Leaving out the images, please reproduce each line below exactly.

^^^^

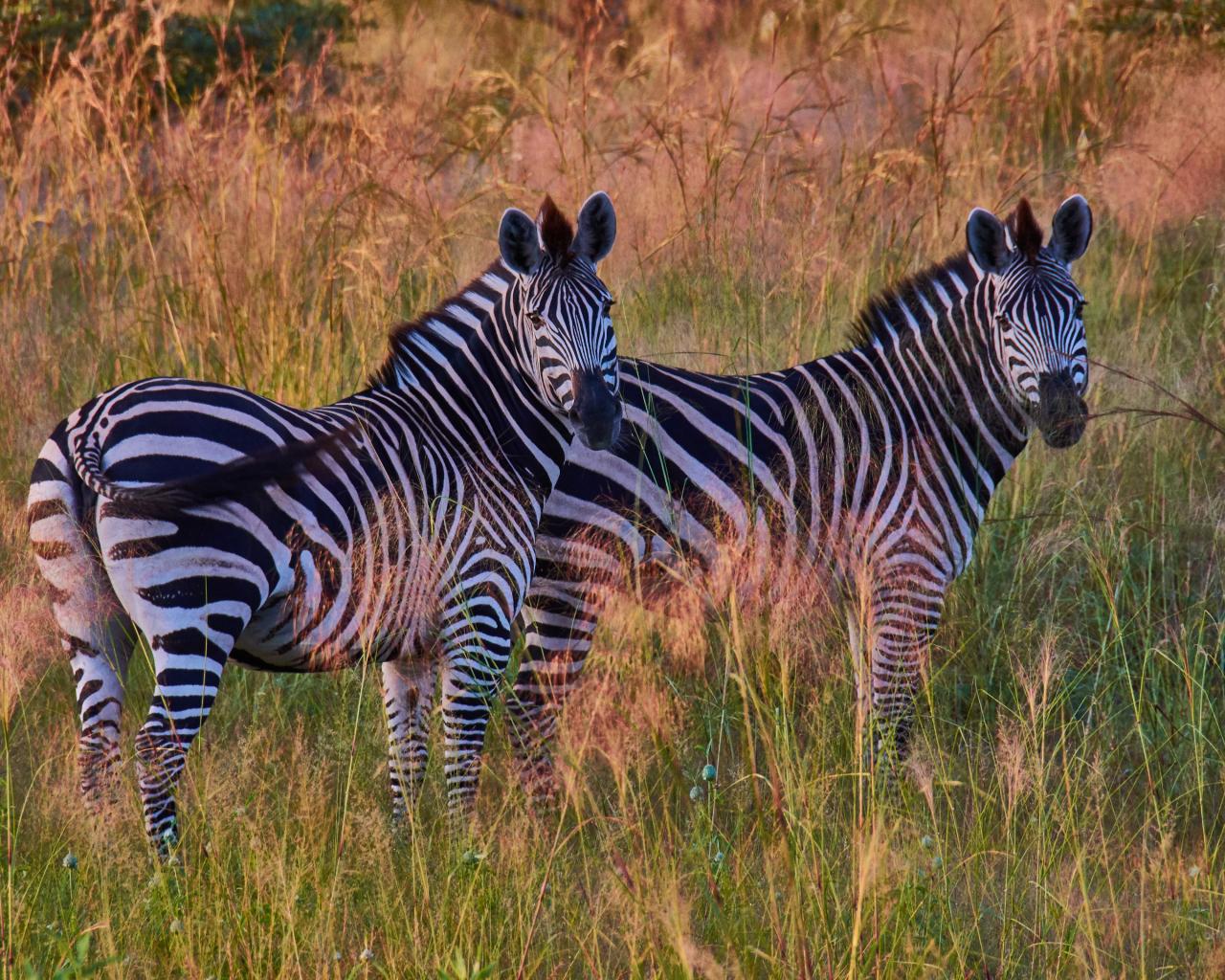 Обои Две полосатые зебры в траве
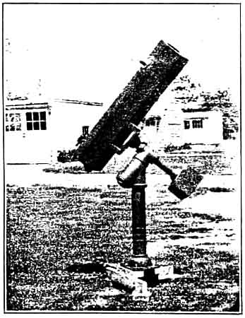 "The enclosed photograph," Mr. Towson writes, "shows a mounting which I believe is as simple an affair as it is possible to assemble, requiring machine work only for four bushings and the two axes. The base pillar and 45-degree 'Y' branch are now permanently mounted on a concrete foundation. The rest of the mounting is temporary and will be replaced by a Ford axle rigging. "The six-inch mirror, being my first attempt, has many faults; it is scratched, the parabola is questionable, and the silver does not reach the edge, but it is good enough to separate the components of Epsilorn Lyrae and therefore serves to prevent undue haste while I polish an eight-inch mirror for the same mounting." One of the most elaborate telescopes thus far made from the instructions contained in "Amateur Telescope Making," is the product of J. A. Johnson, Opt. D., 322 Patterson Building, Fresno, California. The description, sent in by the maker, runs as follows: "I am enclosing some pictures of a 10-inch telescope which I have just completed. It is equipped with a clock and setting wheels, with lights over the circles to read at night. I made patterns and had all the parts cast. The tube is 12-inches in diameter and six feet, six inches long. The mirror is 72-inch focus. "The gears of the clock are standard stock. After making four different governors, I finally got one that is sensitive enough and it works perfectly. It took me 1800 hours to make it. I worked every night from 7 P.M. until 11 P.M. Telescope making is some hobby. "The telescope house is 8 by 8 feet and 8 feet high to the plate. The telescope rests on a concrete base with a concrete floor nine feet square. The house is mounted on four small flange wheels which run on a light iron rail track. "Your book on telescope making was a big help." Some months ago we stated that a club of amateur telescope makers was being organized in Chicago. Thus far, however, no very tangible results have been reported from Chicago, but Philadelphia has now beaten Chicago to it. The following letter from Glenden J. Dunlap reaches us on the letter head of the local Y.M.C.A.: "A club has recently been organized at the Central Y.M.C.A., for the purpose of giving instruction in the making of telescopes and in astronomy. The man in charge is Mr. G. H. Lutz, a civil engineer who made the world's first permanent telescope mirror (stellite) which is now on exhibition in the American Museum of Natural History, New York. "The organization is called 'The "Y" Telescope Club' and meets at 7:30 every Thursday evening, in Room 121, 1421 Arch Street. It is open to young men of high school age and over. A list of those in Philadelphia who have evinced an interest in amateur work of this kind by purchasing copies of "Amateur Telescope Making" is being sent the club. Finally, may we recite a joke, taken from the Wright Engine Builder, a house organ? It seems that two darkies who were discussing the relative merits of the sun and the moon said: "De sun am de bes'; dey cain't be no doubt about dat," said Sam. "Look at how much mot light she give dan de moon. You ain't tryin'to convince me dat de daylight ain't brighter dan de moonlight, is you?" "Dat's all right about de sun givin' de mos' light," replied Joe, "but you is got to remember dat de moon deserves de mos' credit because de light she gives some at night when it would oderwise be dark, while de sun shine in the day time when it am light anyhow."
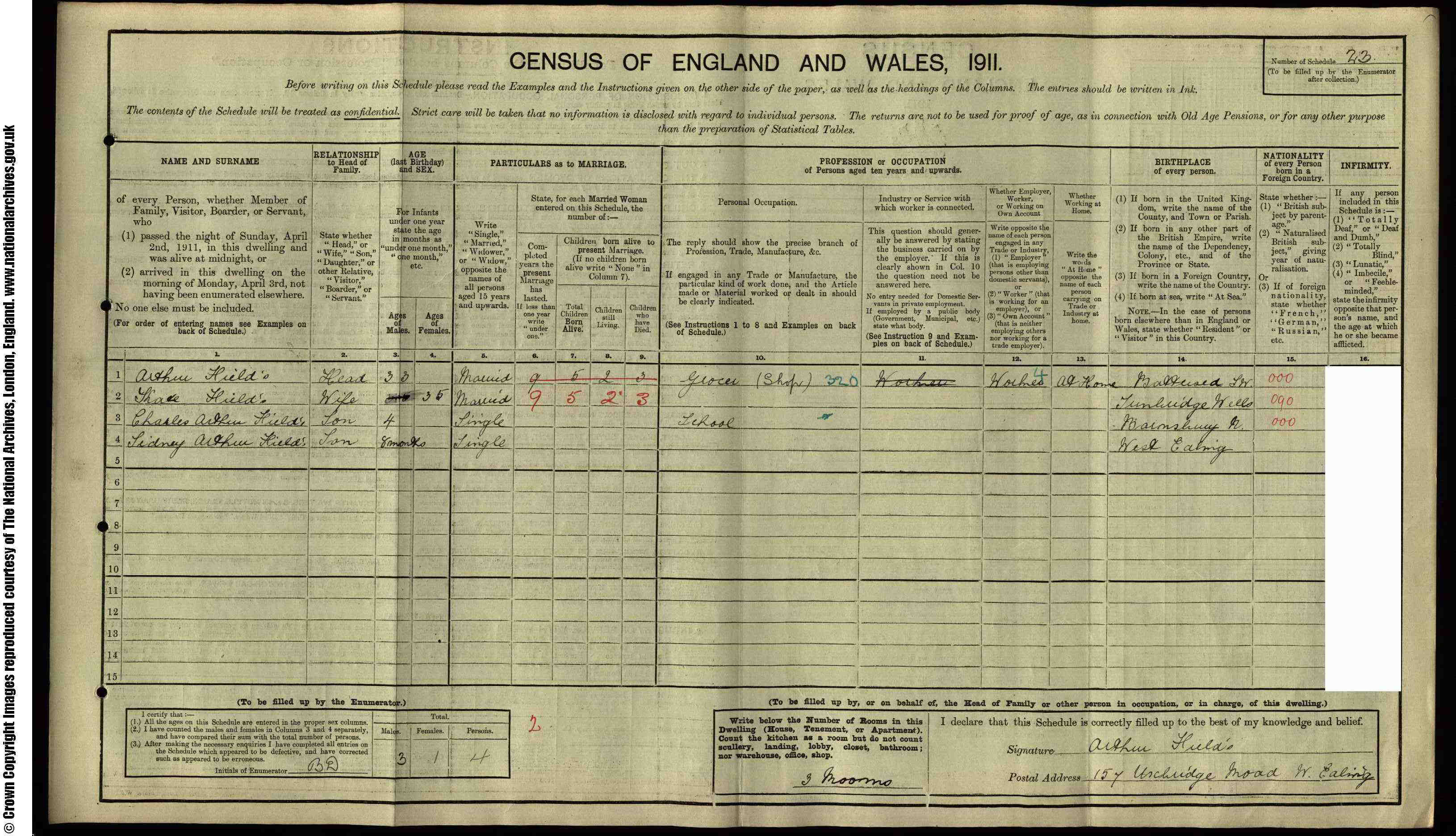 • Lived at: 157 Uxbridge Road, 1911, West Ealing.
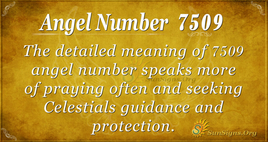 The detailed meaning of the 7509 angel number speaks more of praying often and seeking celestial guidance and protection. #7509 is an angelic realm sign that says you keep on working hard and hope for the best outcome.
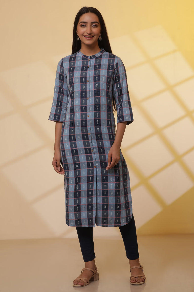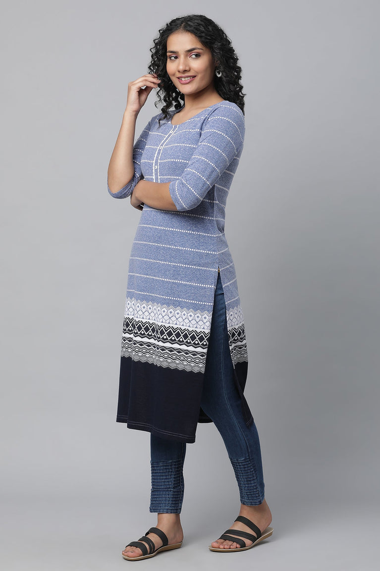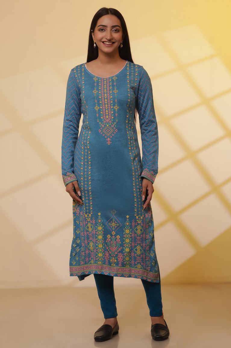 Give winter chills a warm welcome with this Ink blue winter ethnic winter kurta. This straight silhouette kurta features round neck and geometric print with border at hem.

^^^^

- [Solution]
 Обои Две полосатые зебры в траве
 "The enclosed photograph," Mr. Towson writes, "shows a mounting which I believe is as simple an affair as it is possible to assemble, requiring machine work only for four bushings and the two axes. The base pillar and 45-degree 'Y' branch are now permanently mounted on a concrete foundation. The rest of the mounting is temporary and will be replaced by a Ford axle rigging. "The six-inch mirror, being my first attempt, has many faults; it is scratched, the parabola is questionable, and the silver does not reach the edge, but it is good enough to separate the components of Epsilorn Lyrae and therefore serves to prevent undue haste while I polish an eight-inch mirror for the same mounting." One of the most elaborate telescopes thus far made from the instructions contained in "Amateur Telescope Making," is the product of J. A. Johnson, Opt. D., 322 Patterson Building, Fresno, California. The description, sent in by the maker, runs as follows: "I am enclosing some pictures of a 10-inch telescope which I have just completed. It is equipped with a clock and setting wheels, with lights over the circles to read at night. I made patterns and had all the parts cast. The tube is 12-inches in diameter and six feet, six inches long. The mirror is 72-inch focus. "The gears of the clock are standard stock. After making four different governors, I finally got one that is sensitive enough and it works perfectly. It took me 1800 hours to make it. I worked every night from 7 P.M. until 11 P.M. Telescope making is some hobby. "The telescope house is 8 by 8 feet and 8 feet high to the plate. The telescope rests on a concrete base with a concrete floor nine feet square. The house is mounted on four small flange wheels which run on a light iron rail track. "Your book on telescope making was a big help." Some months ago we stated that a club of amateur telescope makers was being organized in Chicago. Thus far, however, no very tangible results have been reported from Chicago, but Philadelphia has now beaten Chicago to it. The following letter from Glenden J. Dunlap reaches us on the letter head of the local Y.M.C.A.: "A club has recently been organized at the Central Y.M.C.A., for the purpose of giving instruction in the making of telescopes and in astronomy. The man in charge is Mr. G. H. Lutz, a civil engineer who made the world's first permanent telescope mirror (stellite) which is now on exhibition in the American Museum of Natural History, New York. "The organization is called 'The "Y" Telescope Club' and meets at 7:30 every Thursday evening, in Room 121, 1421 Arch Street. It is open to young men of high school age and over. A list of those in Philadelphia who have evinced an interest in amateur work of this kind by purchasing copies of "Amateur Telescope Making" is being sent the club. Finally, may we recite a joke, taken from the Wright Engine Builder, a house organ? It seems that two darkies who were discussing the relative merits of the sun and the moon said: "De sun am de bes'; dey cain't be no doubt about dat," said Sam. "Look at how much mot light she give dan de moon. You ain't tryin'to convince me dat de daylight ain't brighter dan de moonlight, is you?" "Dat's all right about de sun givin' de mos' light," replied Joe, "but you is got to remember dat de moon deserves de mos' credit because de light she gives some at night when it would oderwise be dark, while de sun shine in the day time when it am light anyhow."
 • Lived at: 157 Uxbridge Road, 1911, West Ealing.
 The detailed meaning of the 7509 angel number speaks more of praying often and seeking celestial guidance and protection. #7509 is an angelic realm sign that says you keep on working hard and hope for the best outcome.
 Give winter chills a warm welcome with this Ink blue winter ethnic winter kurta. This straight silhouette kurta features round neck and geometric print with border at hem.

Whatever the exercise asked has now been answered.